**Required work**
Retype the listing exactly; omit pictures.

**Data shown**
"""
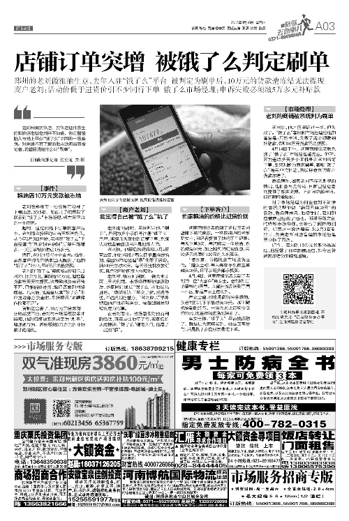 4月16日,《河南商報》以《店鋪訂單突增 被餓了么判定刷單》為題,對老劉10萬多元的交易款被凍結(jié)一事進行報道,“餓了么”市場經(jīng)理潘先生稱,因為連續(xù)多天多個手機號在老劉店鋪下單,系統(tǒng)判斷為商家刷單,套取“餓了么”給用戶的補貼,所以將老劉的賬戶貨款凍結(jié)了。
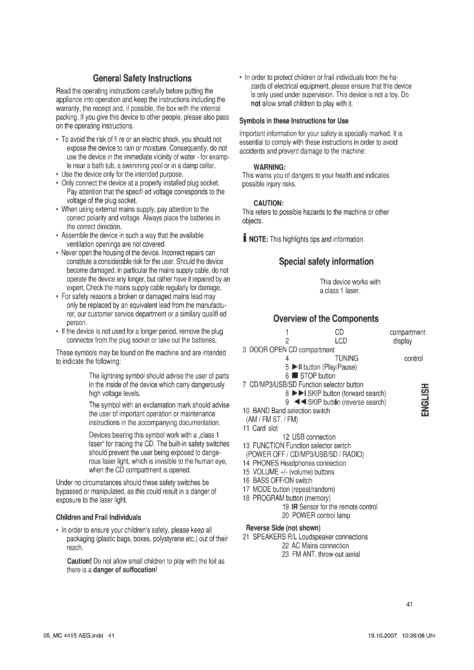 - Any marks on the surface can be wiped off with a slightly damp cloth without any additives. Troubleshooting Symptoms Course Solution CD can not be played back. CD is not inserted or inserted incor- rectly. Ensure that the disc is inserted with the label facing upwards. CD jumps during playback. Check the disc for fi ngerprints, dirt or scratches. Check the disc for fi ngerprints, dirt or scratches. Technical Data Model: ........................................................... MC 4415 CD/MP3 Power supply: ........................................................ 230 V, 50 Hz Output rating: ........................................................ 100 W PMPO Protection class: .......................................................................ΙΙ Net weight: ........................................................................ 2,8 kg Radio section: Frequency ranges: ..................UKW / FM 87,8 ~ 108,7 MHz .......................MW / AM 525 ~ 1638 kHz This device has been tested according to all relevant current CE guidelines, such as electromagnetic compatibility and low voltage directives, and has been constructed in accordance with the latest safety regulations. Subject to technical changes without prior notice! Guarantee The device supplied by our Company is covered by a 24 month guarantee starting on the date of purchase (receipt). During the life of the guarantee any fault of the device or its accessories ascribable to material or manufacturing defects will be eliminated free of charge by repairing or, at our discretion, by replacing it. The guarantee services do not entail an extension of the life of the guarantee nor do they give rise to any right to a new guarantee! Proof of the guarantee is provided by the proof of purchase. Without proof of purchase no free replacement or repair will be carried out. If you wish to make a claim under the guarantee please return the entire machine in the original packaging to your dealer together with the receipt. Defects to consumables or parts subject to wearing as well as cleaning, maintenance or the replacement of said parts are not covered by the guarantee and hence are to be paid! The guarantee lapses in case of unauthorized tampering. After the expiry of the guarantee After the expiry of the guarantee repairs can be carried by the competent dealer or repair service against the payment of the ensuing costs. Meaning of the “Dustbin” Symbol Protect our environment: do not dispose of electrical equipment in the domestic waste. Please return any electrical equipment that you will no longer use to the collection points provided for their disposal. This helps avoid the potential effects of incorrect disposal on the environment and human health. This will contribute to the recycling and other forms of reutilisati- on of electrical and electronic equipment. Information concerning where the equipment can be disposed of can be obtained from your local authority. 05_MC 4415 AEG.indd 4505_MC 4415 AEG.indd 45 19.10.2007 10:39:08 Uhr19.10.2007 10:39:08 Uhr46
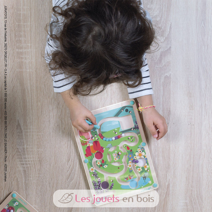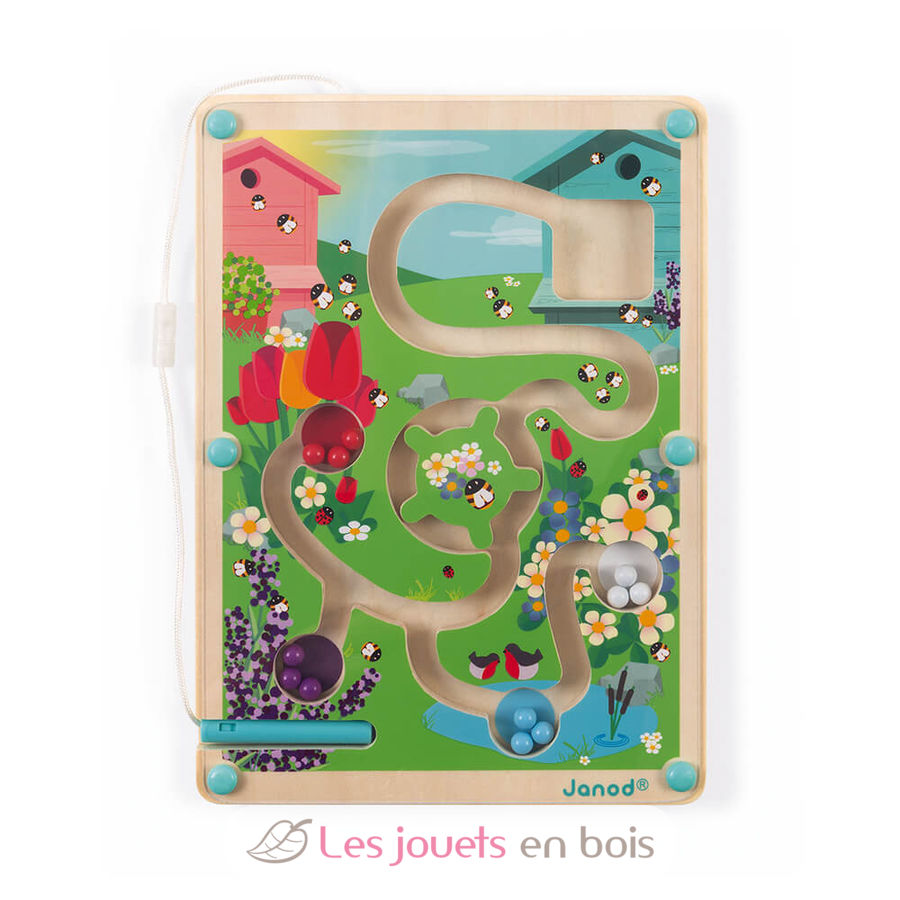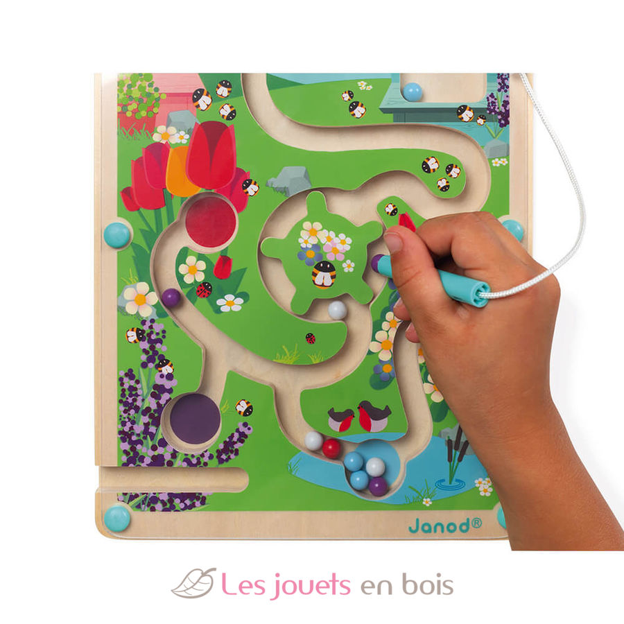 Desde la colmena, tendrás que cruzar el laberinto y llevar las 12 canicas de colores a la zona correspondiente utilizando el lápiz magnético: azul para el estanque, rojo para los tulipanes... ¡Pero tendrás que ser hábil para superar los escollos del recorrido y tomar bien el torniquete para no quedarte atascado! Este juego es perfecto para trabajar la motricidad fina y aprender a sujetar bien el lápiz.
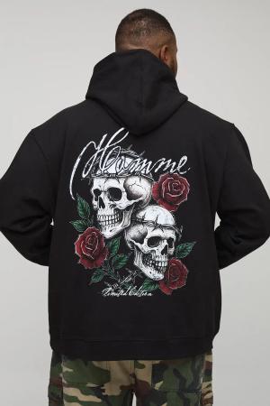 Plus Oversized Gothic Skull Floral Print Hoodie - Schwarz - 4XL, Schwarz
"""
**Worked solution**
 4月16日,《河南商報》以《店鋪訂單突增 被餓了么判定刷單》為題,對老劉10萬多元的交易款被凍結(jié)一事進行報道,“餓了么”市場經(jīng)理潘先生稱,因為連續(xù)多天多個手機號在老劉店鋪下單,系統(tǒng)判斷為商家刷單,套取“餓了么”給用戶的補貼,所以將老劉的賬戶貨款凍結(jié)了。
 - Any marks on the surface can be wiped off with a slightly damp cloth without any additives. Troubleshooting Symptoms Course Solution CD can not be played back. CD is not inserted or inserted incor- rectly. Ensure that the disc is inserted with the label facing upwards. CD jumps during playback. Check the disc for fi ngerprints, dirt or scratches. Check the disc for fi ngerprints, dirt or scratches. Technical Data Model: ........................................................... MC 4415 CD/MP3 Power supply: ........................................................ 230 V, 50 Hz Output rating: ........................................................ 100 W PMPO Protection class: .......................................................................ΙΙ Net weight: ........................................................................ 2,8 kg Radio section: Frequency ranges: ..................UKW / FM 87,8 ~ 108,7 MHz .......................MW / AM 525 ~ 1638 kHz This device has been tested according to all relevant current CE guidelines, such as electromagnetic compatibility and low voltage directives, and has been constructed in accordance with the latest safety regulations. Subject to technical changes without prior notice! Guarantee The device supplied by our Company is covered by a 24 month guarantee starting on the date of purchase (receipt). During the life of the guarantee any fault of the device or its accessories ascribable to material or manufacturing defects will be eliminated free of charge by repairing or, at our discretion, by replacing it. The guarantee services do not entail an extension of the life of the guarantee nor do they give rise to any right to a new guarantee! Proof of the guarantee is provided by the proof of purchase. Without proof of purchase no free replacement or repair will be carried out. If you wish to make a claim under the guarantee please return the entire machine in the original packaging to your dealer together with the receipt. Defects to consumables or parts subject to wearing as well as cleaning, maintenance or the replacement of said parts are not covered by the guarantee and hence are to be paid! The guarantee lapses in case of unauthorized tampering. After the expiry of the guarantee After the expiry of the guarantee repairs can be carried by the competent dealer or repair service against the payment of the ensuing costs. Meaning of the “Dustbin” Symbol Protect our environment: do not dispose of electrical equipment in the domestic waste. Please return any electrical equipment that you will no longer use to the collection points provided for their disposal. This helps avoid the potential effects of incorrect disposal on the environment and human health. This will contribute to the recycling and other forms of reutilisati- on of electrical and electronic equipment. Information concerning where the equipment can be disposed of can be obtained from your local authority. 05_MC 4415 AEG.indd 4505_MC 4415 AEG.indd 45 19.10.2007 10:39:08 Uhr19.10.2007 10:39:08 Uhr46
 Desde la colmena, tendrás que cruzar el laberinto y llevar las 12 canicas de colores a la zona correspondiente utilizando el lápiz magnético: azul para el estanque, rojo para los tulipanes... ¡Pero tendrás que ser hábil para superar los escollos del recorrido y tomar bien el torniquete para no quedarte atascado! Este juego es perfecto para trabajar la motricidad fina y aprender a sujetar bien el lápiz.
 Plus Oversized Gothic Skull Floral Print Hoodie - Schwarz - 4XL, Schwarz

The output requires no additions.